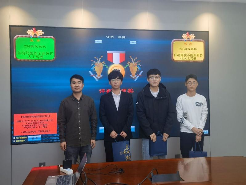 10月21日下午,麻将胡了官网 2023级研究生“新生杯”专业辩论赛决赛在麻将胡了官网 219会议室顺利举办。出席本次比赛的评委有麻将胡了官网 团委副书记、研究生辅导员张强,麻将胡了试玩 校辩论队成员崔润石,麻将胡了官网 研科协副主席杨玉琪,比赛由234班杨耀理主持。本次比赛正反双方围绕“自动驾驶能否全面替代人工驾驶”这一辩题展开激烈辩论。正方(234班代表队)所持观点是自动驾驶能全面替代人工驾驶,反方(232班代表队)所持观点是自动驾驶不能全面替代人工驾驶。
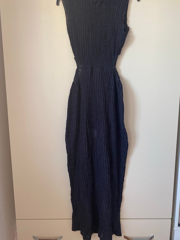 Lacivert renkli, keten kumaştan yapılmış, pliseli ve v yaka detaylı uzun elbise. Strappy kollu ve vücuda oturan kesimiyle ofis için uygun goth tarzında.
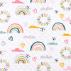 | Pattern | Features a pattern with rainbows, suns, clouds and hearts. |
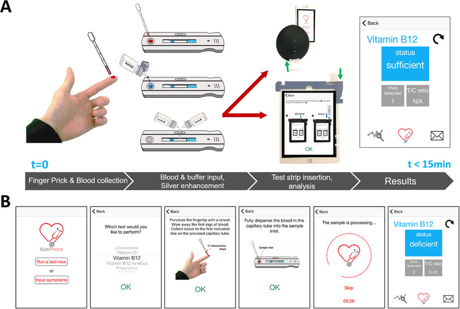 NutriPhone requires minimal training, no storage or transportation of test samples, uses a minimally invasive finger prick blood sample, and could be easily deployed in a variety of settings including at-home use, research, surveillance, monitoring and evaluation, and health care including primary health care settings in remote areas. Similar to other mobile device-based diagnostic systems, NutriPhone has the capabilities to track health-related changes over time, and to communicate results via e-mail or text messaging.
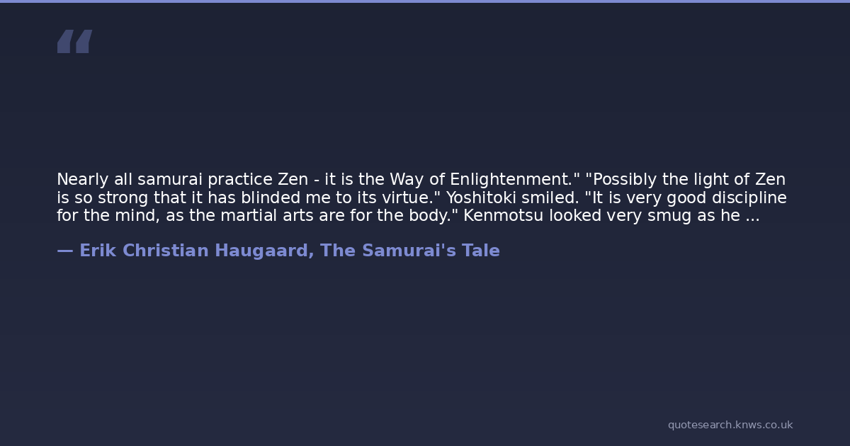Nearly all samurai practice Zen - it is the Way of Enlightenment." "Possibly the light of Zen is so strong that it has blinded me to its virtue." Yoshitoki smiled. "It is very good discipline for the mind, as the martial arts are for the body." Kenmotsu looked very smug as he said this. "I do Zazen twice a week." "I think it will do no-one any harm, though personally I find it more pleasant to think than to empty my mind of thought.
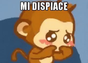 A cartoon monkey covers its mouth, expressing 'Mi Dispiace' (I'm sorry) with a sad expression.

++++++++++++++++++++

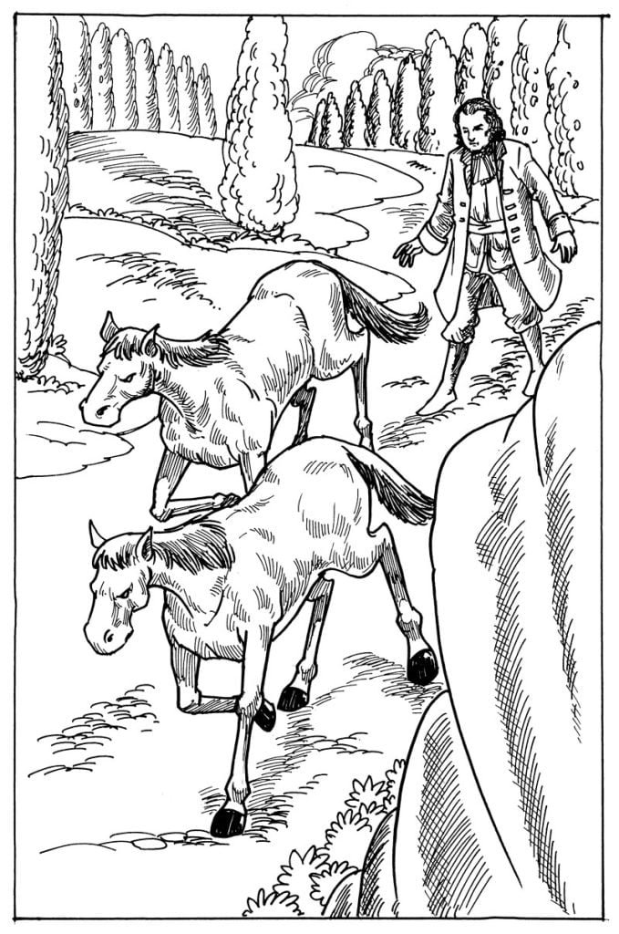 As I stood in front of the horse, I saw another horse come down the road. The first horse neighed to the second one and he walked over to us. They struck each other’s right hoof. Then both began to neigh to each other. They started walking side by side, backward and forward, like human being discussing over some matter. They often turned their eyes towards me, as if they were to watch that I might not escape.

++++++++++++++++++++

» **ASSIGNMENT**
From the material above, give again exactly the lines from the one that contains "and hearts. |" through the one that contains "A cartoon monkey", and leave out the pictures.

» **SOLUTION**
 | Pattern | Features a pattern with rainbows, suns, clouds and hearts. |
 NutriPhone requires minimal training, no storage or transportation of test samples, uses a minimally invasive finger prick blood sample, and could be easily deployed in a variety of settings including at-home use, research, surveillance, monitoring and evaluation, and health care including primary health care settings in remote areas. Similar to other mobile device-based diagnostic systems, NutriPhone has the capabilities to track health-related changes over time, and to communicate results via e-mail or text messaging.
Nearly all samurai practice Zen - it is the Way of Enlightenment." "Possibly the light of Zen is so strong that it has blinded me to its virtue." Yoshitoki smiled. "It is very good discipline for the mind, as the martial arts are for the body." Kenmotsu looked very smug as he said this. "I do Zazen twice a week." "I think it will do no-one any harm, though personally I find it more pleasant to think than to empty my mind of thought.
 A cartoon monkey covers its mouth, expressing 'Mi Dispiace' (I'm sorry) with a sad expression.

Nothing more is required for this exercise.